Опять этот вопрос. И снова тупик. Не счастлив, теперь понимаю, что не счастлив. Потому что слаб. Или недостоин, что, в принципе, одно и то же. И уже не ненавижу его, а даже начинаю понимать.
— Нет, не счастлив. Это плохо?
— Это ни хорошо, и ни плохо. Такая система координат слишком проста, и почти не встречается в жизни. Тут же много переменных. Всех нам знать не дано.
— И тем не менее?
— Это путь, — говорит Нахвальский. — И любое твое действие имеет смысл, если у пути есть пункт назначения, конечная точка, которую необходимо достигнуть. Вне этой системы, куда бы ты ни шел — движение не имеет значения.
— То есть…
— То есть нужно знать, для чего все это. Каждый день, каждый час, минуту, секунду.
— Получается, если цель у меня благая, то совершил хороший поступок?
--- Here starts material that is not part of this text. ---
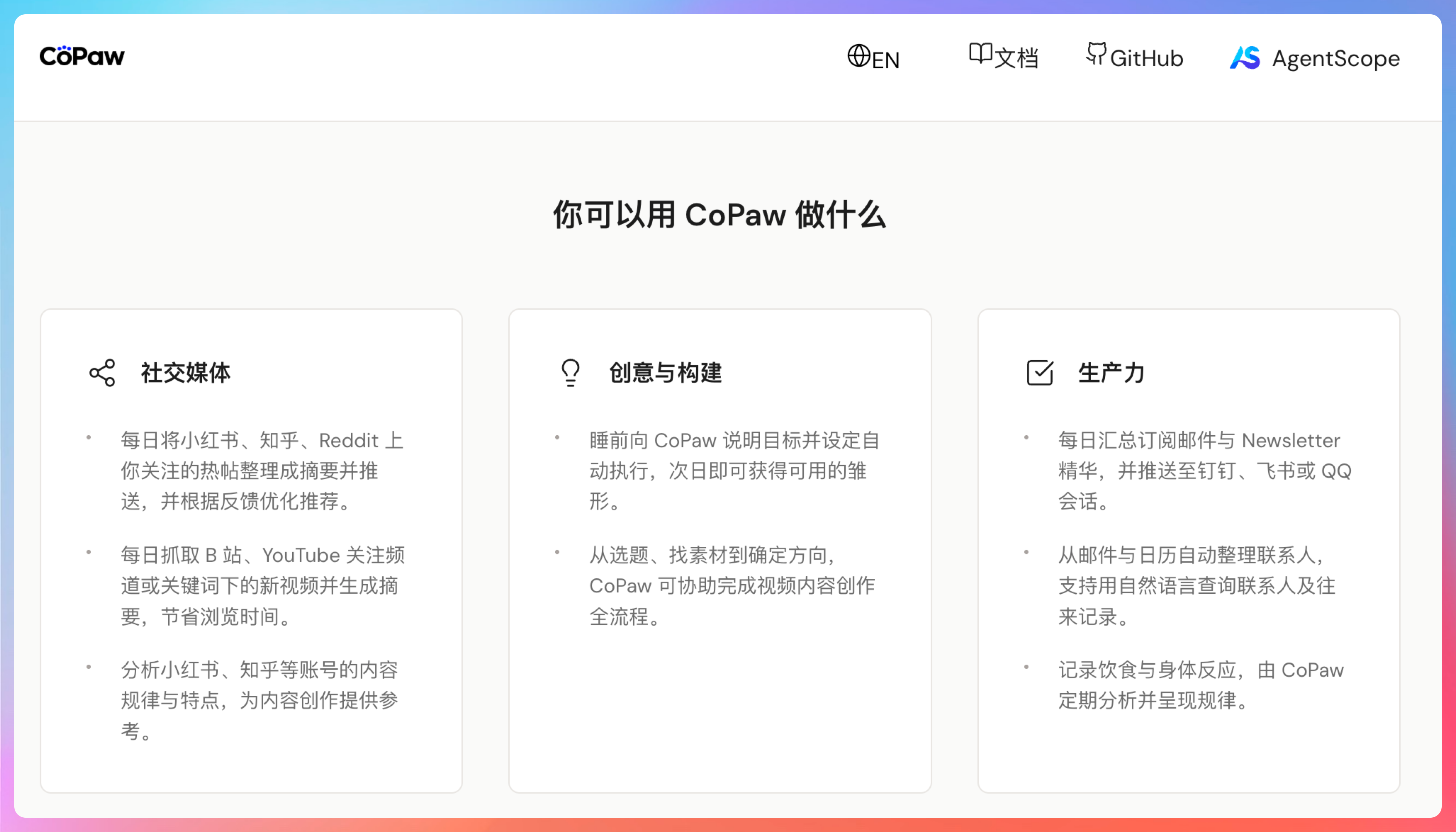 官方对 CoPaw 的介绍是:你的 AI 个人助理;安装极简、本地与云上均可部署;支持多端接入、能力轻松扩展。

— Все не так однозначно. Я знал того Серегу. Он, к примеру, был детдомовским. И до самой смерти не забывал место, где жил: помогал деньгами, лично приходил несколько раз в месяц, беседовал с ребятами. Его и звали там исключительно Сергей Николаевич. Даже бывшие воспитатели…
Я чувствую, как нижняя челюсть плавно отъезжает вниз. Смотрю на Нахвальского как оглушенный, ударенный пыльным мешком, словно рыба, вынутая из воды, и сразу получившая удар веслом.
— Что? — выдыхаю я.
— Да, Володя, все не так однозначно.
Черт, черт! Как так могло произойти? Я вижу детдомовских детей: обездоленных, брошенных, живущих в казенных условиях. А Серега им помогал, пытался скрасить тяжесть жизни без родителей. Перед глазами его лицо, но не надменно-злое, как в кафе в тот злополучный день, но и не растерянно-уставшее, как у подъезда — одухотворенное, полное доброты и сострадания. И светлые глаза детей, что видят в нем наставника, отца, которого у них никогда не будет.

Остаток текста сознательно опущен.